Open josephrocca opened 3 months ago
Probably the easiest/simplest feature that would solve this for me would be to have some way to know whether a particular request hit the prefix cache or missed it. E.g. in the first or last EventStream JSON object it could just be an integer for how many tokens were pulls from the prefix cache, or something.
Similar things can be done. Since LMDeploy currently does not have any infrastructure for monitoring, such as the open-source implementation at https://github.com/vectorch-ai/ScaleLLM/tree/main/monitoring, if we want to support, we need to design the overall functionality.

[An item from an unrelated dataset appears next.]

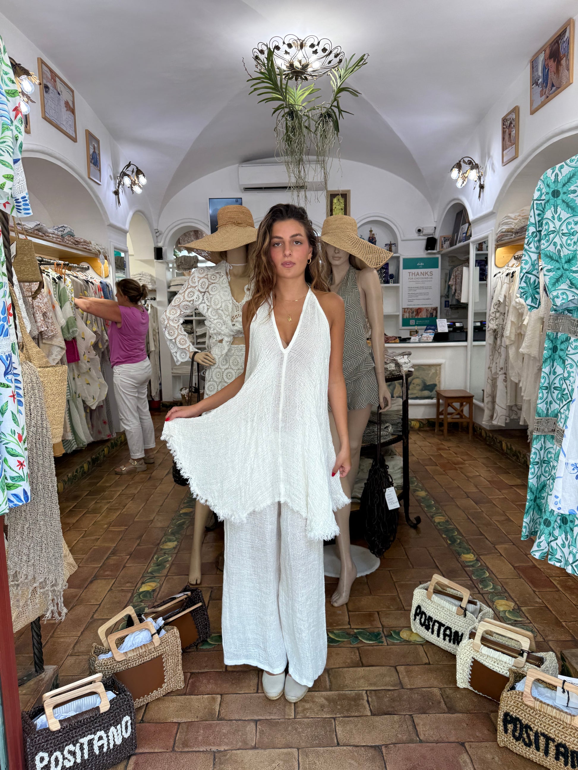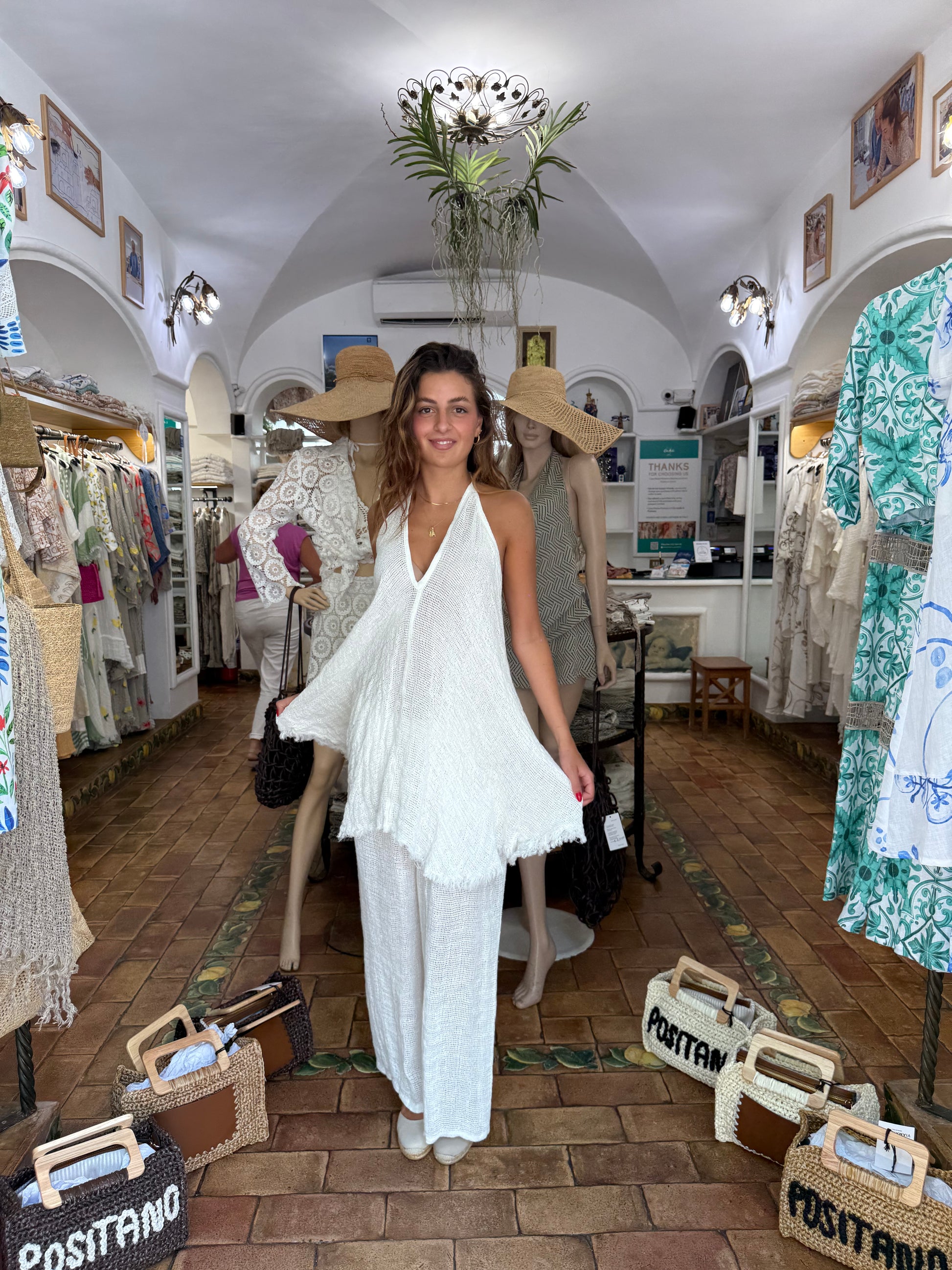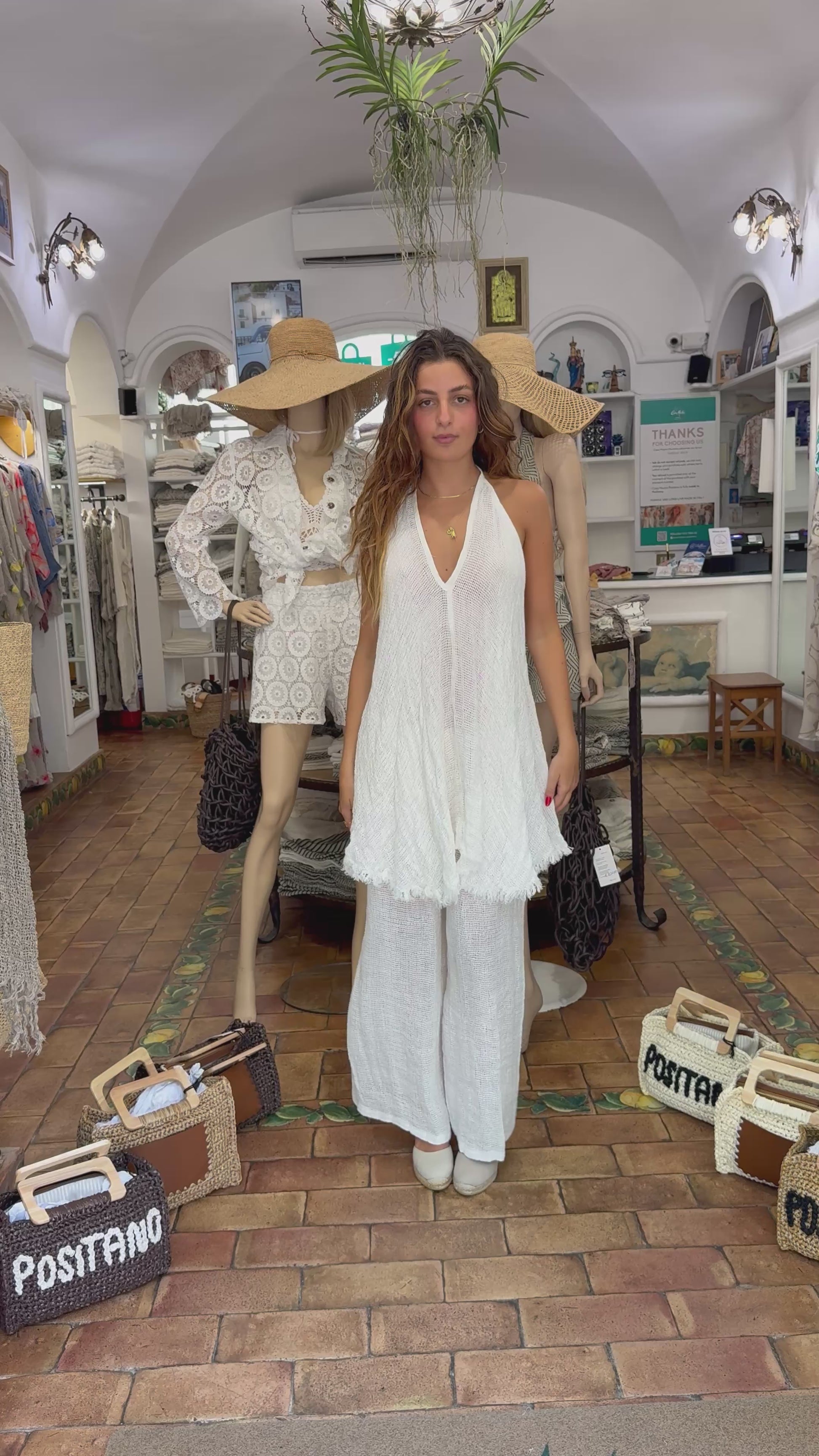 SET TOP E PANTALONE IN RETE DI LINO 100% made in Positano

Based on my previous experience, the implementation of monitoring usually falls into the following categories:
After having the monitoring function, we can conveniently calculate the statistics of FTL and PTL, as well as data related to the Prefix Cache that you mentioned.
cc @lzhangzz @lvhan028
Due to @lzhangzz having higher priority matters to attend to, please refer to https://github.com/InternLM/lmdeploy/issues/1970#issuecomment-2217138900 for details. I will follow up on this issue for now.
cc @ispobock
Motivation
I'm trying to optimize a production scenario where I need to fit a 70B parameter model within 48GB of VRAM, and after the model weights there is only enough room for about 20 chat threads in the prefix cache. I'm trying to work out how much of a bottleneck this is in "the real world" - i.e. with actual traffic, since there are a lot of factors that are a bit difficult to test - different prompt lengths, bursts of requests, various amounts of overlap between different chat threads, etc.
It would be great if there were some way to count evictions so it would be clear if the limited VRAM for prefix cache is causing a bottleneck.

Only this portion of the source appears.